$k = 2, 3, 5, 6$ can be handled easily since if $d \mid 30$, $\sum_{x \in \mathbb{Z}_{31}} f(x)^{30 / d} \equiv \sum_{x \in \mathbb{Z}_{31}} x^{30 / d} \pmod {31}$ and from some calculation, we can prove that this can never hold. Now, if $k = 4$, notice that this is ELMO 2024 P6, which finishes the problem as $x \mapsto x^7$ satisfies the statement.

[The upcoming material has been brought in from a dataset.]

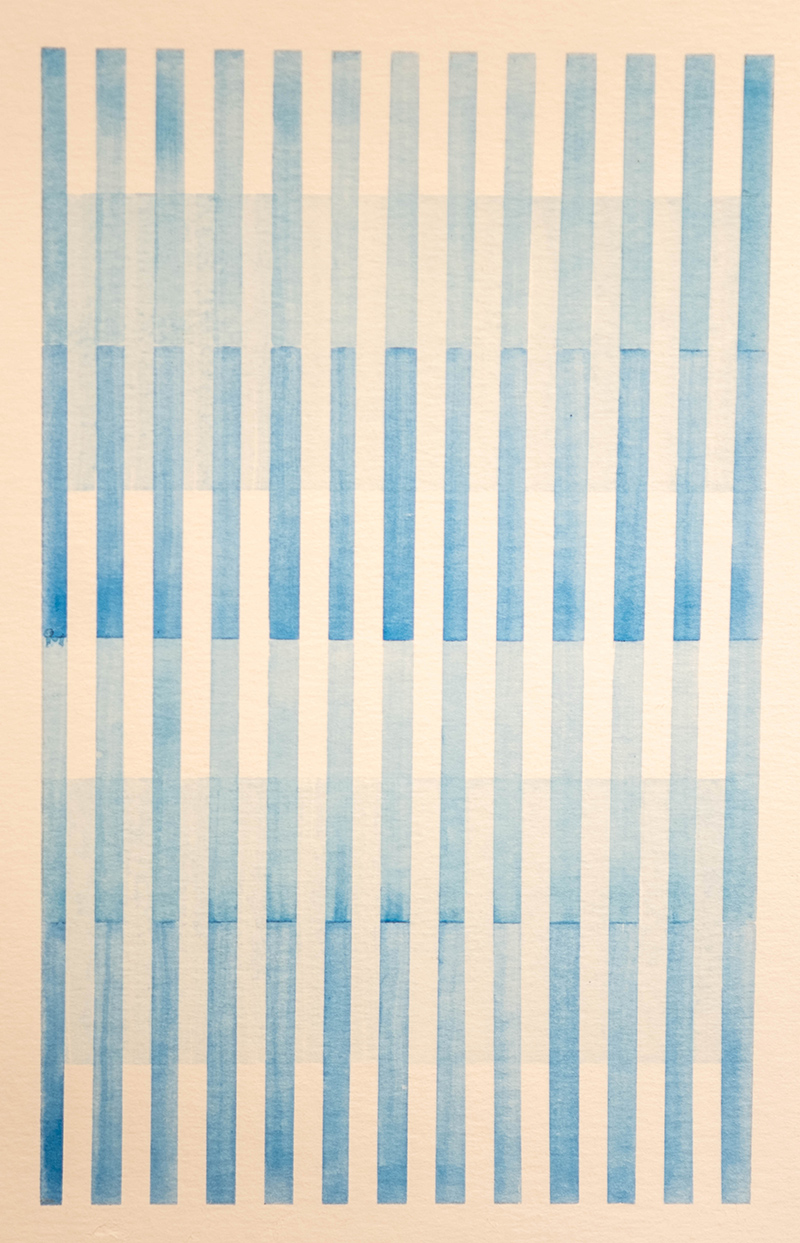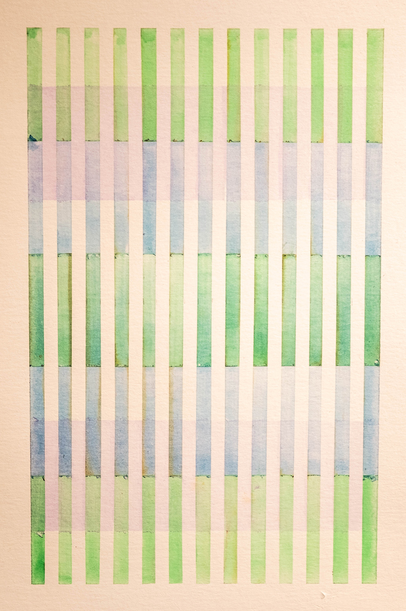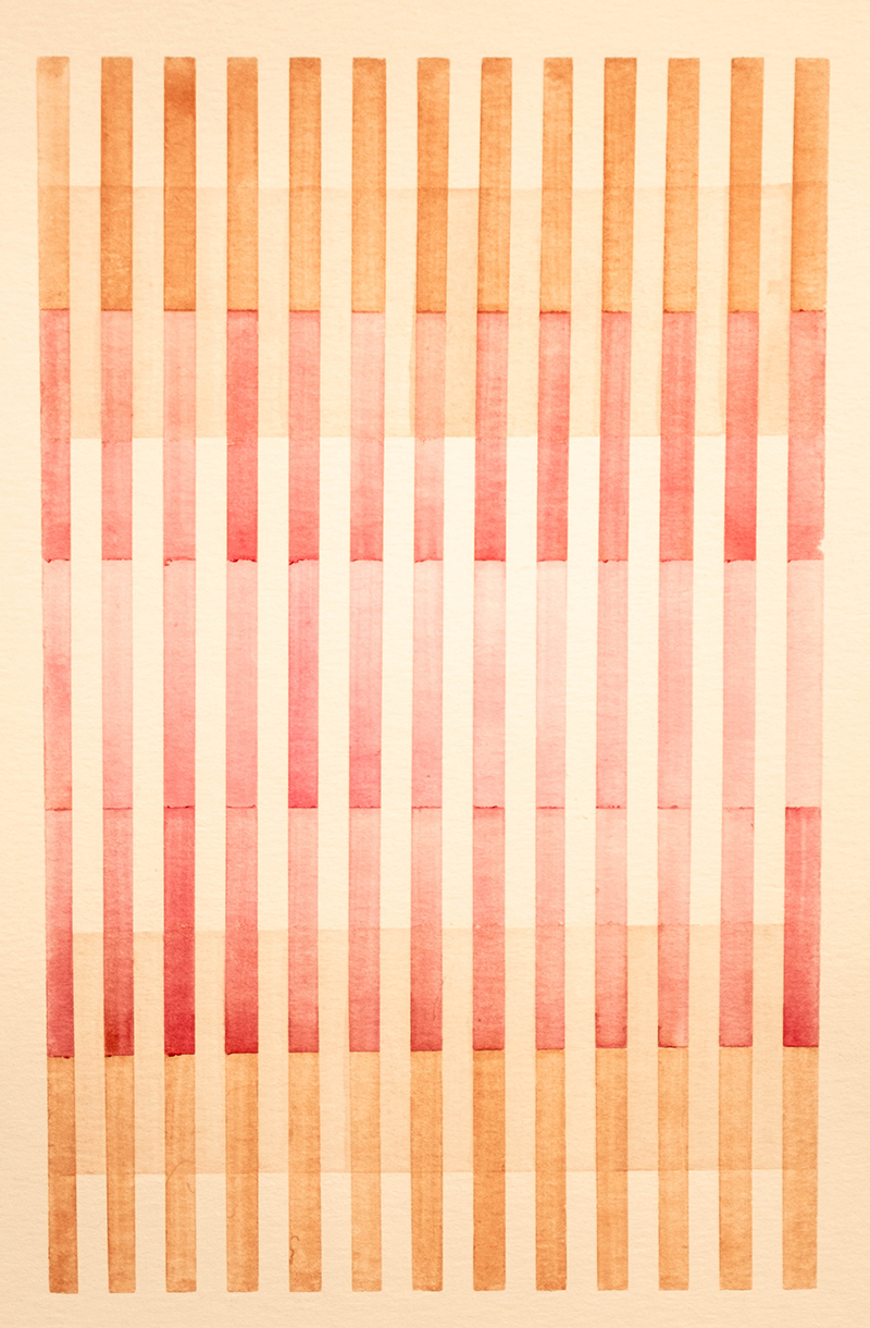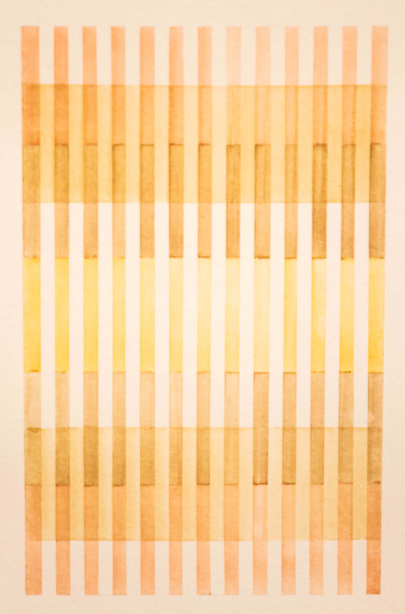 “Begum took up watercolor practice seriously during COVID, a time of isolation, and these works convey the intimacy of that moment. She continues to create in this challenging medium while traveling or as a mindful break in her day amid the occasionally hectic nature of modern life and her busy studio. Grounding her in careful color application and meditative breathing, each brushstroke offers a moment of calm and an opportunity to recognize the geometries of her surrounding environments,” writes Palmer.

This problem asks to find the least degree permutation polynomial over the field $\mathbb{F}_{31}$ whose degree is no less than $2$. This can be MANUALLY solved through the theorem about permutation polynomials. First of all, the polynomial $p(x) = x^7$ is a permutation. Now note the following theorem of Hermite; TFAE a. there exists a $30$ degree polynomial $g(x)$ such that $f(x)^{30} \equiv g(x) \pmod{x^{31} -x}$ and for each $t = 1,2, \ldots 29$, $f(x)^t$ is equivalent to a polynomial with degree no larger than $29$ modulo $x^{31}-x$. b. $f$ is a permutation. Now we will show that there is no permutation polynomial of degree $2$, $3$, $4$, $5$, $6$. In general, being permutation is invariant under translations $f(x) \longrightarrow f(x-a)$ and $f(x) \longrightarrow f(x) +b$, it suffices to consider the polynomials of type $f(x) = x^n + ax^{n-2} + \cdots + x$. If $n=2$, $f$ is not permutation since it is $2:1$ on the reduced residue system. The polynomial $f(x) = x^3 +ax$ can be removed from $f(x)^{10} \equiv x^{30} + \cdots \pmod{x^{31}-x}$. Polynomial $f(x) = x^4 + ax^2 + bx$ is removed since $f(x)^8 \equiv 8ax^{30} + 8bx^{29}+ \cdots $ so $a=b=0$. Polynomial $f(x) = x^5 + ax^3+bx^2+cx$ is excluded from $f(x)^6 \equiv x^{30} + \cdots $. Polynomial $f(x) = x^6 + ax^4 + bx^3 + cx^2 +dx$, then $f(x)^5 \equiv x^{30} + \cdots$ so impossible. Therefore the answer is $7$.